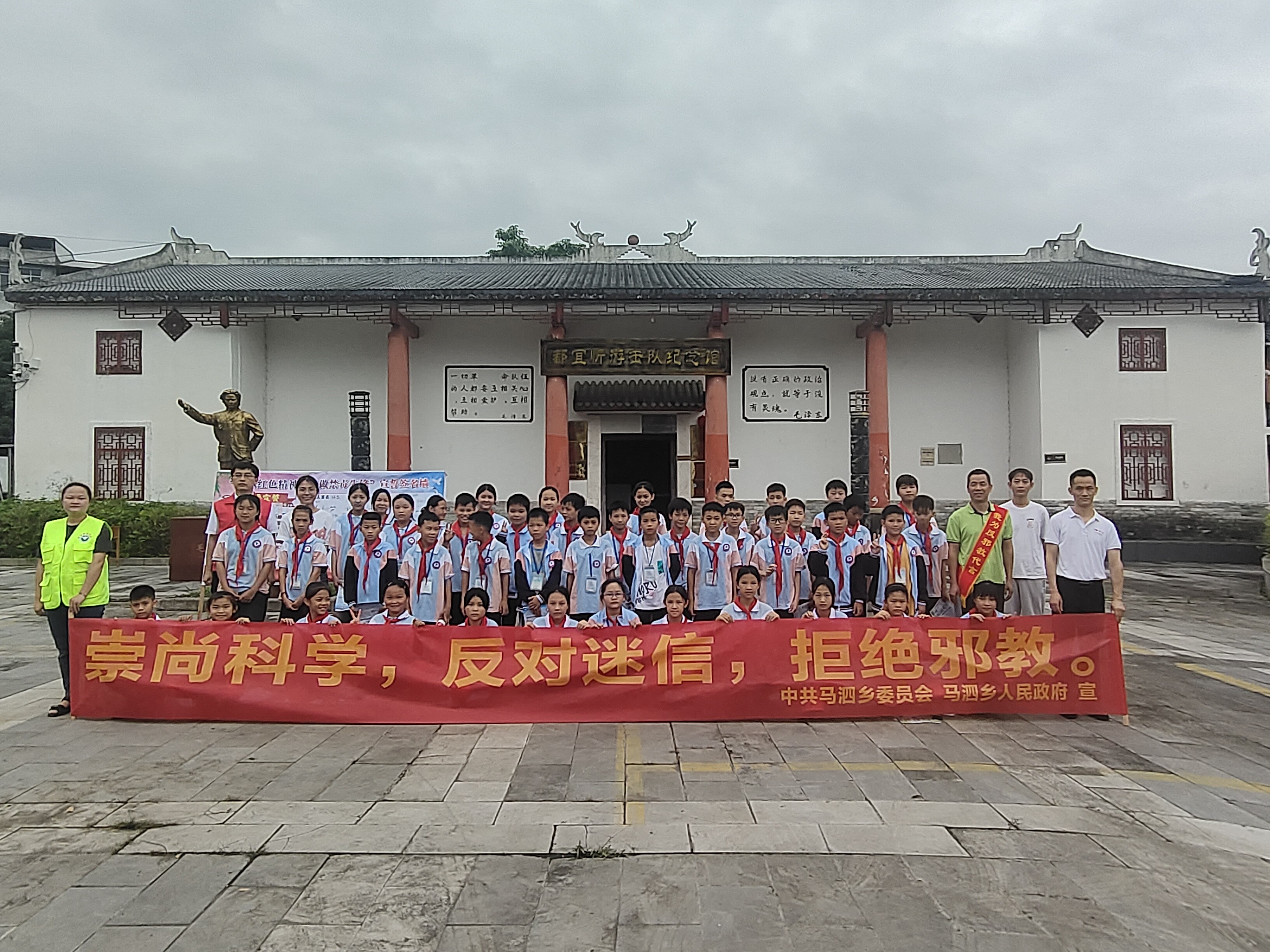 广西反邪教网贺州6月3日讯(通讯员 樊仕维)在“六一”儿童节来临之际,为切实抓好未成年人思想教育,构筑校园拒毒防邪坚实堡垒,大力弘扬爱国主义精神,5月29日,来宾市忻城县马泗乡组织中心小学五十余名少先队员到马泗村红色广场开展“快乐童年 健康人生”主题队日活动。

--

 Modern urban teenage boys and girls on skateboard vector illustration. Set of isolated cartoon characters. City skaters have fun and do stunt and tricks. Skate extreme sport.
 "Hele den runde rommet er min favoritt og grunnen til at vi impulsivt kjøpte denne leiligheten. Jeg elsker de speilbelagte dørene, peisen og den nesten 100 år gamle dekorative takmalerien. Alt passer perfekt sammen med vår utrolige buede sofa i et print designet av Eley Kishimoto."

#### REQUIRED ACTION:
Transcribe the lines above between the line holding "Modern urban teenage" and the line holding "den runde rommet", inclusive, exactly as they stand and with nothing added.

#### WRITTEN SOLUTION:
 Modern urban teenage boys and girls on skateboard vector illustration. Set of isolated cartoon characters. City skaters have fun and do stunt and tricks. Skate extreme sport.
 "Hele den runde rommet er min favoritt og grunnen til at vi impulsivt kjøpte denne leiligheten. Jeg elsker de speilbelagte dørene, peisen og den nesten 100 år gamle dekorative takmalerien. Alt passer perfekt sammen med vår utrolige buede sofa i et print designet av Eley Kishimoto."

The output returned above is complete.